Does anyone know how wealthy investors became wealthy?

I’m pretty sure it wasn’t from joining those unions that always blame wealth for their members problems.

MarkW
Reply to  doonman
May 30, 2024 1:46 pm

The only people who have ever benefited from unions, are those who run them.

May 30, 2024 10:03 am

Wrong! It’s not their land if they are tenant farmers.

mtclark77@yahoo.com
Reply to  More Soylent Green!
May 31, 2024 3:38 pm

Exactly. Here in southwest Georgia, energy companies bolstered by massive government subsidies and tax breaks are offering landowners triple the amount of money per acre to lease land for solar for 20 years compared to what a farmer can afford to pay to grow crops. This is some of the best irrigated land in the US.

May 30, 2024 11:46 am

‘I remember having a conversation with (former Chancellor) Kwasi Kwarteng. He said, you can’t be a free market one day and not the next.
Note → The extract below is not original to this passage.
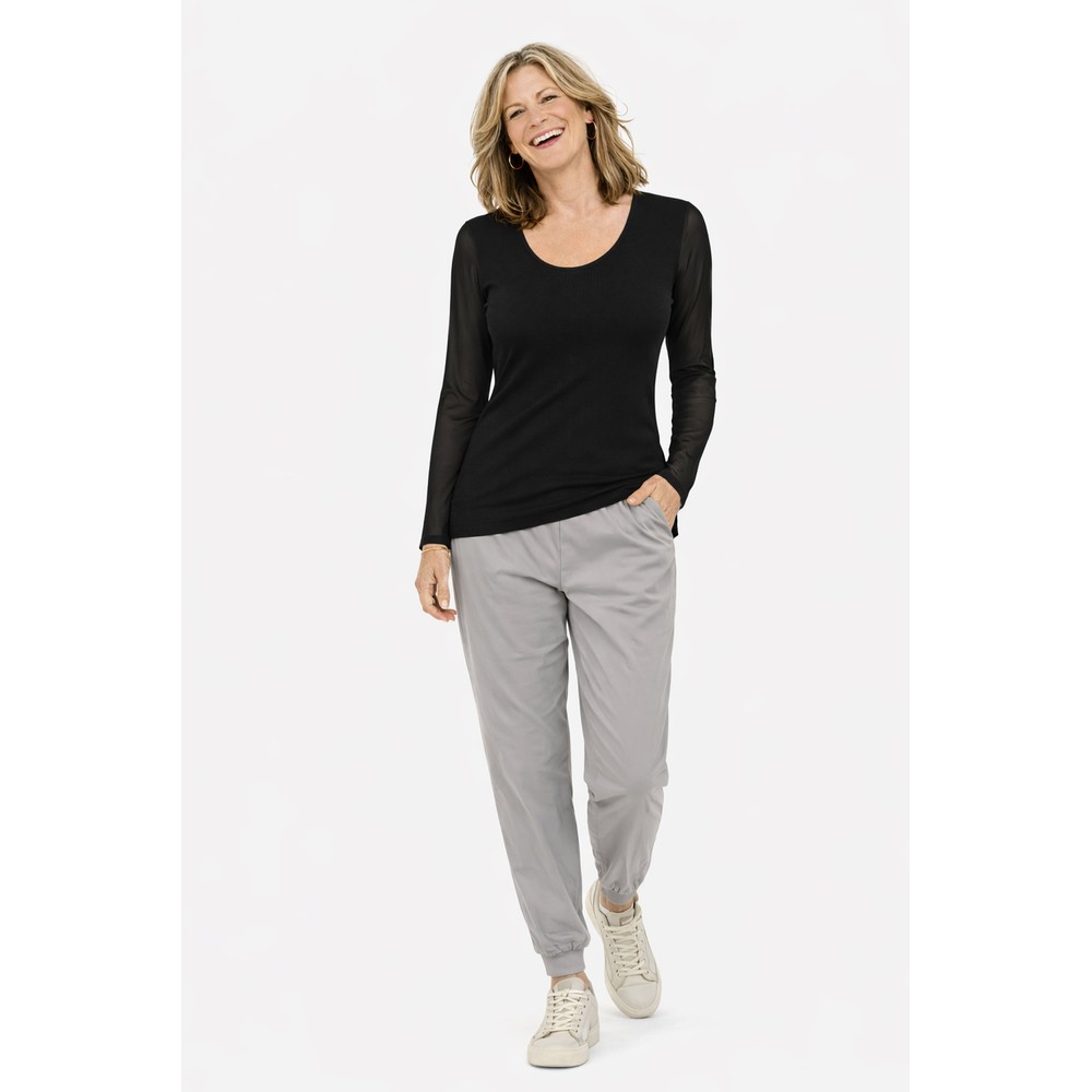 Naya Naya Black Jersey Mesh Sleeve Top

The UK has never been a free market, even less so in modern times. You can’t paint your own door a different colour or busk in a tube station without someone’s official stamp of approval. We are unfortunately a nation where the Vogons have taken over. I’m not sure, between the USA and the UK, which nation has it worse.

MarkW
May 30, 2024 1:31 pm

I could have sworn that a number of our trolls have been proclaiming that solar power and agriculture can co-exist with no problems.